During his campaign for governor in 2002, Romney called upon the Legislature to sell the Hynes as the second convention center in South Boston was under construction. The commission was established two years later in the wake of a budget crunch on Beacon Hill. At the time, Romney proposed transferring ownership of the Hynes and the Boston Common Parking Garage to the state pension fund, in lieu of making a $145 million annual payment to the fund. But state Treasurer Timothy Cahill – who oversees the fund – rejected the transfer, saying that his office manages money, not property.

Eric Fernstrom, a Romney spokesman, did not return a call seeking comment about the commission’s recommendations.

State Rep. Antonio Cabral, a New Bedford Democrat and a commission co-chair, said his goal was to eliminate most of the state subsidy to the Hynes, which has been as high as $18 million.

“From the beginning we knew that convention centers are a loss leader, but the Hynes has been an economic engine for the Back Bay,” Cabral said. “It generates meals and hotel taxes from the people who come to Boston, and some argue that it offsets the state subsidy. It’s a compelling argument.”

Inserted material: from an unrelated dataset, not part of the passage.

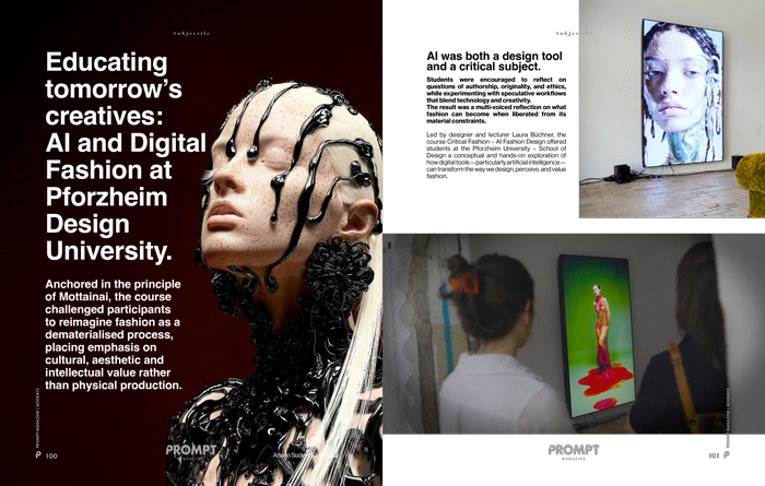 All ten student works can also be seen in the current issue of PROMPT Magazine. This gives the projects international visibility in the context of contemporary design and research. In addition to the works of the competition winners, this also creates a visual and content-related dialog on education, art and technology.

Still, Cabral said despite a $50,000 line item from the Legislature to support research for the Hynes, the panel lacked sufficient resources to do a detailed analysis that the convention center deserved.

“A lot more complex work needs to be done,” Cabral said. “We recommended that the Hynes enhance revenue possibilities with an expansion to help end the subsidy. But for that to happen, the authority has to take it to the next level of analysis.”

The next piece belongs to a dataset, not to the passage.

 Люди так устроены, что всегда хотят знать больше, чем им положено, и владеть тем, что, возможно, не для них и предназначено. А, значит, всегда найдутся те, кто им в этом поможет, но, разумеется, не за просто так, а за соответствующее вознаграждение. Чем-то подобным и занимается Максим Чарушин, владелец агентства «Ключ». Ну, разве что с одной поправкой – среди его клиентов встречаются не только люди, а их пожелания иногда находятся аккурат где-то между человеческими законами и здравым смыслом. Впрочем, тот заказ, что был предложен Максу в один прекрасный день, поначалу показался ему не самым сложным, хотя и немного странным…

While the Hynes generated $9 million in direct tax benefits this year, a 17 percent increase over fiscal year 2005, the facility is still losing money. For example, in fiscal year 2006, the center was in the red by $1.8 million.

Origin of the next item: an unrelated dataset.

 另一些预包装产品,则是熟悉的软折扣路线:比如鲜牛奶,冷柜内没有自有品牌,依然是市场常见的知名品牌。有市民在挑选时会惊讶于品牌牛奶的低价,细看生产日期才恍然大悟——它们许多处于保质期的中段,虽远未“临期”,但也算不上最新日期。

Steven Poftak, research director at the Pioneer Institute, a Boston-based think tank, said the release of the report – delayed by one year – has been highly unusual. While a summary was available, the full report has not been made public, he said. Banker & Tradesman had not received a copy by press time despite promises from Wilkerson’s office. An MCCA spokeswoman said she did not have a copy.

“There’s no underlying data to support the commission’s conclusions and that’s the piece that’s missing,” said Poftak. “We have always maintained that it is expensive to operate two separate convention centers. They are cannibalizing business from each other and the economic benefits of the centers are not as great as was originally advertised. It leads us to conclude that they may not be the best use of public funds.”

In addition, Poftak said while the MCCA likes to boast of the economic benefits of the Hynes, there is no way of knowing what impact the $960 million in borrowing to build the South Boston facility could have been if the money been spent differently.

Last week, a Boston Herald editorial railed against the findings of the commission, noting that the Hynes is a “waste of valuable space, in a neighborhood hardly in need of state-subsidized foot traffic. This report should be treated with the same urgency in which the panel acted – that is to say, none at all.”

In a prepared statement, the MCCA said it “welcomes the findings of the commission and will continue to market the Hynes to the fullest extent possible. After several years of indecision and uncertainty, we are very pleased to be able to give our clients full confidence that the Hynes will remain a convention center operated by the MCCA.”